**WHAT YOU ARE ASKED TO DO:** Below are the records; give again exactly the line with "MAGCOMSEN Women’s UPF", the line with "and Ganesha Carving", and each line that lies between them, and nothing besides.

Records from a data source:
*** Begin section ***

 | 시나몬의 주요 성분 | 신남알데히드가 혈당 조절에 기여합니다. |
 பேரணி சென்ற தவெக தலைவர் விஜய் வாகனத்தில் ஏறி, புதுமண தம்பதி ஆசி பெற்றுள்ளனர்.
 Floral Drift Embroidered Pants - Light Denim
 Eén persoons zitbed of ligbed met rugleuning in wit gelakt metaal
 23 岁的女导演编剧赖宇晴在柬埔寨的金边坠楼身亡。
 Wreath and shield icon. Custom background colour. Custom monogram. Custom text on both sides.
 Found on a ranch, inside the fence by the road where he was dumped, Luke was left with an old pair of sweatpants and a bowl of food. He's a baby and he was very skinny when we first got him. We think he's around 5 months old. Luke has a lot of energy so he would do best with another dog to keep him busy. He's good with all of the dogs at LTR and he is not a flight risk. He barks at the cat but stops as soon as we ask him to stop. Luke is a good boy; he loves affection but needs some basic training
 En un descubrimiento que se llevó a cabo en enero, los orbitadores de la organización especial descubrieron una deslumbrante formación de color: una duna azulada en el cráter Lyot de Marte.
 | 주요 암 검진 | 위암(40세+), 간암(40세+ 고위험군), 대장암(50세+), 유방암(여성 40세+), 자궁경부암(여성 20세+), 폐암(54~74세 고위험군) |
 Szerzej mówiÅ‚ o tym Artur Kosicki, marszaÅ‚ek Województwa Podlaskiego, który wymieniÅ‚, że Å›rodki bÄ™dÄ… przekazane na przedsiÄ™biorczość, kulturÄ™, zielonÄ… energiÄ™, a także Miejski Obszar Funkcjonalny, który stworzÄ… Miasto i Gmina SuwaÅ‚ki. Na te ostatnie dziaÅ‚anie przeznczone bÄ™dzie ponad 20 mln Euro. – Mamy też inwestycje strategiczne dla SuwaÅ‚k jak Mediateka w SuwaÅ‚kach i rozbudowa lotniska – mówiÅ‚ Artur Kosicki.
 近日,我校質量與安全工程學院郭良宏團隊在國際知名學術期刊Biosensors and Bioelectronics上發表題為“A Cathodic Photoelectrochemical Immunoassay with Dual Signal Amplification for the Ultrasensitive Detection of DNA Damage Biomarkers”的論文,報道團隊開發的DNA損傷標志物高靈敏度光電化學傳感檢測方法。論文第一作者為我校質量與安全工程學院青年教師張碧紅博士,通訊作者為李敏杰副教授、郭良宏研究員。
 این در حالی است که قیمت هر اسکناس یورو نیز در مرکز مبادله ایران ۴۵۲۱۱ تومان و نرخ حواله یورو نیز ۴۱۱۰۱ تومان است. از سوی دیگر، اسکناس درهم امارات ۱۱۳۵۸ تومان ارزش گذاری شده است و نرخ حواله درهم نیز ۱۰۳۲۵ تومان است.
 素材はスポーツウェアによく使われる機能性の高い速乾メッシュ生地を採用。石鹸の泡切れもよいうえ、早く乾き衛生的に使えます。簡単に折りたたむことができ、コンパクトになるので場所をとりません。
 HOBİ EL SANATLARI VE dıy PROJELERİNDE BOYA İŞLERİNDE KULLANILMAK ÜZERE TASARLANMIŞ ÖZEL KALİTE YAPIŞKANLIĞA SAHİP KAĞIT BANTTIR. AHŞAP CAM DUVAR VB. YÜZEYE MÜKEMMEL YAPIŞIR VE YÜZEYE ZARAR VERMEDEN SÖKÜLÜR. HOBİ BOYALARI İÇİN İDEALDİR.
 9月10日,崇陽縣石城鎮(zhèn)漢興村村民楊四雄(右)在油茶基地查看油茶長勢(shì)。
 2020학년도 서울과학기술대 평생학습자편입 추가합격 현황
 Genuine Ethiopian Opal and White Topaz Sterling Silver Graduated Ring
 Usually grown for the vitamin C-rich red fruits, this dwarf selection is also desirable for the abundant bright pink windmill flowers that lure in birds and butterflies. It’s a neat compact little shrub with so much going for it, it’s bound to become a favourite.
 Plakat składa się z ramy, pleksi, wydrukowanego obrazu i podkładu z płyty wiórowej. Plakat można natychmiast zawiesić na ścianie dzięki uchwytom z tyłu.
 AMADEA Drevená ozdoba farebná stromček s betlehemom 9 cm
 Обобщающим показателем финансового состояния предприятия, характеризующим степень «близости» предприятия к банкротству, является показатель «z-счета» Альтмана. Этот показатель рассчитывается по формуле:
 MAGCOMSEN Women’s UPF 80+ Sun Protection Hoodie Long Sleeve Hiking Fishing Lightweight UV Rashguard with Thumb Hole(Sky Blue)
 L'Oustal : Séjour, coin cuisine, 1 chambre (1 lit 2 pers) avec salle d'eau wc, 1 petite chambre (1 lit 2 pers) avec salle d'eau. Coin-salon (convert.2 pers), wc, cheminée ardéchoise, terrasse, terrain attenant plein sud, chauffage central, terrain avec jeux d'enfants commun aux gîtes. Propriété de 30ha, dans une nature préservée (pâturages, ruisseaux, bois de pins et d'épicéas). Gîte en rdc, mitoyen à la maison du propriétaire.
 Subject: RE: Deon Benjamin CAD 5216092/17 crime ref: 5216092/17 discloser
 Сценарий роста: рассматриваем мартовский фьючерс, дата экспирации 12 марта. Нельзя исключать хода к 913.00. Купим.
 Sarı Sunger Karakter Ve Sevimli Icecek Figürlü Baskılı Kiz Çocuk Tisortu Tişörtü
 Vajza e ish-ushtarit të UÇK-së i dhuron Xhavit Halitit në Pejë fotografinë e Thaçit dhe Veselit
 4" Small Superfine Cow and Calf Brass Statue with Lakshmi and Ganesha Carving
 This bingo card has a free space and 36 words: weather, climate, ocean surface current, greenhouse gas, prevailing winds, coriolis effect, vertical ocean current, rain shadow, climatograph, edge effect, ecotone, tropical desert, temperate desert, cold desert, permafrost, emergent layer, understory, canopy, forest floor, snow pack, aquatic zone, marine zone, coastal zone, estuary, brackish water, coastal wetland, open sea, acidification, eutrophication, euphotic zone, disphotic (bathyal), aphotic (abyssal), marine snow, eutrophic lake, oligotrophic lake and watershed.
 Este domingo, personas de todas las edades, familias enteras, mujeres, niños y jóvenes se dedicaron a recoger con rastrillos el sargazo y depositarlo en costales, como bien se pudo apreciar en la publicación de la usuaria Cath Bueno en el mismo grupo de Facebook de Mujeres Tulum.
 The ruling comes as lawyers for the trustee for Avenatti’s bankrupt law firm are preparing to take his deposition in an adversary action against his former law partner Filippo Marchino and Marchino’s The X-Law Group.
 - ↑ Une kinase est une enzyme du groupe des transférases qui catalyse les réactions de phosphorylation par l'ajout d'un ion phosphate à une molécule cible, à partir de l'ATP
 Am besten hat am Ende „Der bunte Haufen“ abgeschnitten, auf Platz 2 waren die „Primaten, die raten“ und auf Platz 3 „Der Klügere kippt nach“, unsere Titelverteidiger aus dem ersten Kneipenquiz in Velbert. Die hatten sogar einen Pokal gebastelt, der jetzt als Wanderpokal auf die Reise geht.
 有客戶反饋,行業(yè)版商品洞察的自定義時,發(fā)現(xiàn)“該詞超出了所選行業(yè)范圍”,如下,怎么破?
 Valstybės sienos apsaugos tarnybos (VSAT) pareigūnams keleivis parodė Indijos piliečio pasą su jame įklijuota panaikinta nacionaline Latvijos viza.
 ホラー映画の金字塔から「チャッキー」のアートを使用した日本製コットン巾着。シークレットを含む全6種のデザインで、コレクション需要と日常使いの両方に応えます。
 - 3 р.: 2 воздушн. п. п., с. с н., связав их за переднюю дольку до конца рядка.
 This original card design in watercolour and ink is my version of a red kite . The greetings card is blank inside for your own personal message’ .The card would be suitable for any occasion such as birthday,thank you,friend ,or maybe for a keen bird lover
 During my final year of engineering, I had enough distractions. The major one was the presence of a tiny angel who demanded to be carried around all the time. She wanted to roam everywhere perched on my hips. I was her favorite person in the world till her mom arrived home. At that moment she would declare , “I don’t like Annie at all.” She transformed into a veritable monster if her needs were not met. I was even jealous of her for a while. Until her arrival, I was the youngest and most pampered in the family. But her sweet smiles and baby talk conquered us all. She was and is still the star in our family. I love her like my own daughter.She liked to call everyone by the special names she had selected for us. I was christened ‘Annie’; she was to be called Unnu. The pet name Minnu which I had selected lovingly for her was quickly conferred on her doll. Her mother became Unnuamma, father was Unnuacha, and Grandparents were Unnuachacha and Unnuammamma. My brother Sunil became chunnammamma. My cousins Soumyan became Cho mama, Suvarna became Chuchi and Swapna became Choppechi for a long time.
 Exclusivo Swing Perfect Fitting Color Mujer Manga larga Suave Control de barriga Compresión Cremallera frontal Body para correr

*** End section ***

**RESPONSE AREA:**
 MAGCOMSEN Women’s UPF 80+ Sun Protection Hoodie Long Sleeve Hiking Fishing Lightweight UV Rashguard with Thumb Hole(Sky Blue)
 L'Oustal : Séjour, coin cuisine, 1 chambre (1 lit 2 pers) avec salle d'eau wc, 1 petite chambre (1 lit 2 pers) avec salle d'eau. Coin-salon (convert.2 pers), wc, cheminée ardéchoise, terrasse, terrain attenant plein sud, chauffage central, terrain avec jeux d'enfants commun aux gîtes. Propriété de 30ha, dans une nature préservée (pâturages, ruisseaux, bois de pins et d'épicéas). Gîte en rdc, mitoyen à la maison du propriétaire.
 Subject: RE: Deon Benjamin CAD 5216092/17 crime ref: 5216092/17 discloser
 Сценарий роста: рассматриваем мартовский фьючерс, дата экспирации 12 марта. Нельзя исключать хода к 913.00. Купим.
 Sarı Sunger Karakter Ve Sevimli Icecek Figürlü Baskılı Kiz Çocuk Tisortu Tişörtü
 Vajza e ish-ushtarit të UÇK-së i dhuron Xhavit Halitit në Pejë fotografinë e Thaçit dhe Veselit
 4" Small Superfine Cow and Calf Brass Statue with Lakshmi and Ganesha Carving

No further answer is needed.